Many Millennials still live at home with their parents. Why?


It’s a question that’s been plaguing the housing market since the economy started to recover – why are Millennials still living at home?

Despite all indications that Millennials should be starting to move out of their parents’ homes (due to the stronger economy and job growth), new numbers show they are not. The share of 18 to 34 year-olds living with their parents was 31.5 percent in 2015, a slight increase from 2014’s 31.4 percent. In addition, according to a Pew Research Center report, the share of young adults living with parents is at its highest level since 1940.

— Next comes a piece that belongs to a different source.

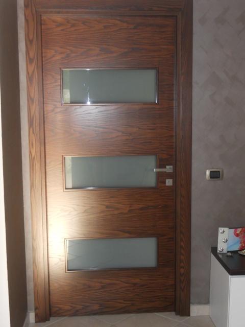 Porta tamburata in frassino trasversale, con telaio e mostrine in massello di frassino, con tre vetri visarm33

Here is a graph from economist Jed Kolko that shows the rise in Millennials living at home:


As Kolko explained in his analysis, that high level might be the new normal. The rise began in 2005, and lasted until 2012, where it has remained at record levels. While the obvious suggestion is that the trend is due to the aftershocks of the recession, Kolko argues that we would have seen a shift back down if that was the case.

The New Normal?

In his analysis, Kolko concluded that the rise of Millennials living at home is a demographic shift, one that is not going away any time soon. A high share of adults aged 18 to 34, Kolko explained, are on the younger end of the spectrum, and younger adults are more likely to live with their parents than older young adults.

Additionally, Millennials are waiting longer than other generations to get married, according to a NeighborWorks America survey released in October. In 1970, 49 percent of 18-to-34-year-olds were married with kids. In 2015, only 20 percent of young adults were married with children. Considering that 43 percent of respondents planned to purchase a home after they married or moved in with a partner, delaying marriage significantly affects the first time buyer’s market.

Such trends imply that the theorized wave of Millennials buying their first homes might not be as significant as originally thought, considering the generation’s struggles with slow wage growth. For those with a college degree, student debt is an extra burden.